======== Dataset content ========

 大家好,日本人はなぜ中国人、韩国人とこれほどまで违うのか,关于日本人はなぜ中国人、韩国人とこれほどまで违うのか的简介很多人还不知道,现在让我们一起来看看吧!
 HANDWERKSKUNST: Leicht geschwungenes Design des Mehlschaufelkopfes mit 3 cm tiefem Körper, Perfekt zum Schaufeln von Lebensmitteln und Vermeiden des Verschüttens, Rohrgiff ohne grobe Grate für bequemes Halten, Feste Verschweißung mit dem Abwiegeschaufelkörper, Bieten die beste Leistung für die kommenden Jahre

========
======== Dataset content ========

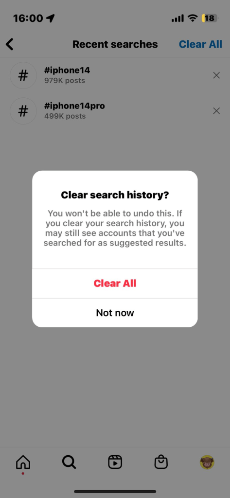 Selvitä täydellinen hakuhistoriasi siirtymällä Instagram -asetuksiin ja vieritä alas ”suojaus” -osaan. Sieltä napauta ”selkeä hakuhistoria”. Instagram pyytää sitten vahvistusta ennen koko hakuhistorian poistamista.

========
======== Dataset content ========

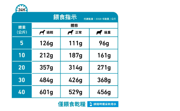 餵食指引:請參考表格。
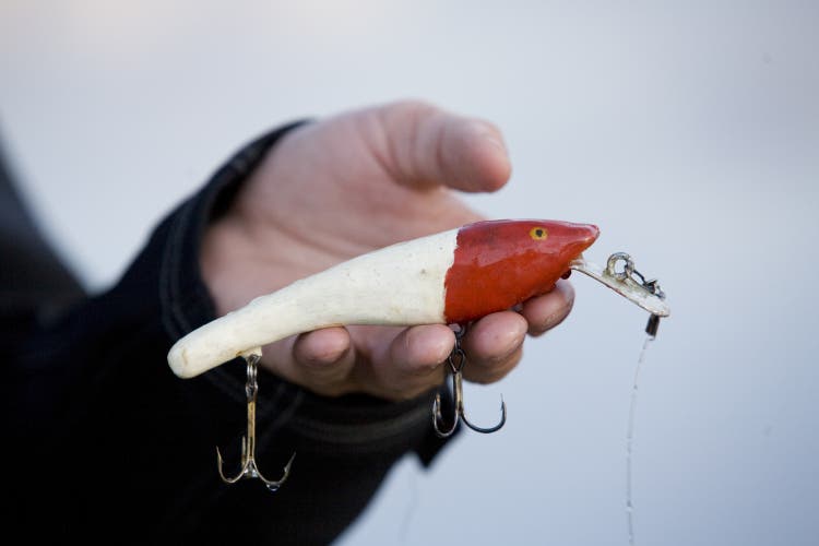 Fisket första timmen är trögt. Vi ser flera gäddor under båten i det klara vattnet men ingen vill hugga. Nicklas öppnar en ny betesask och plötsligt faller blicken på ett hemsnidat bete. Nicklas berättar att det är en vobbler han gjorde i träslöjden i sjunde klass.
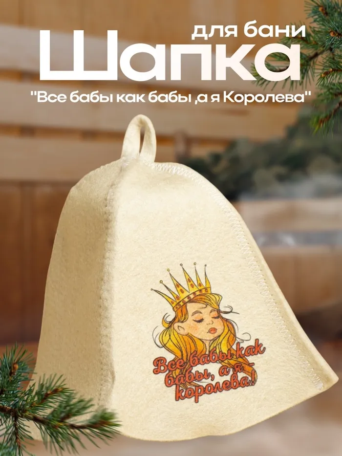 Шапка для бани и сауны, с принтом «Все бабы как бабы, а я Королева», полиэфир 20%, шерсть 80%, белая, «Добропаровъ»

========

[The problem] Where the listing above has a line with "大家好,日本人はなぜ中国人、", start there, and output every line exactly through the line with "HANDWERKSKUNST: Leicht geschwungenes", which is also included.

[Task result]
 大家好,日本人はなぜ中国人、韩国人とこれほどまで违うのか,关于日本人はなぜ中国人、韩国人とこれほどまで违うのか的简介很多人还不知道,现在让我们一起来看看吧!
 HANDWERKSKUNST: Leicht geschwungenes Design des Mehlschaufelkopfes mit 3 cm tiefem Körper, Perfekt zum Schaufeln von Lebensmitteln und Vermeiden des Verschüttens, Rohrgiff ohne grobe Grate für bequemes Halten, Feste Verschweißung mit dem Abwiegeschaufelkörper, Bieten die beste Leistung für die kommenden Jahre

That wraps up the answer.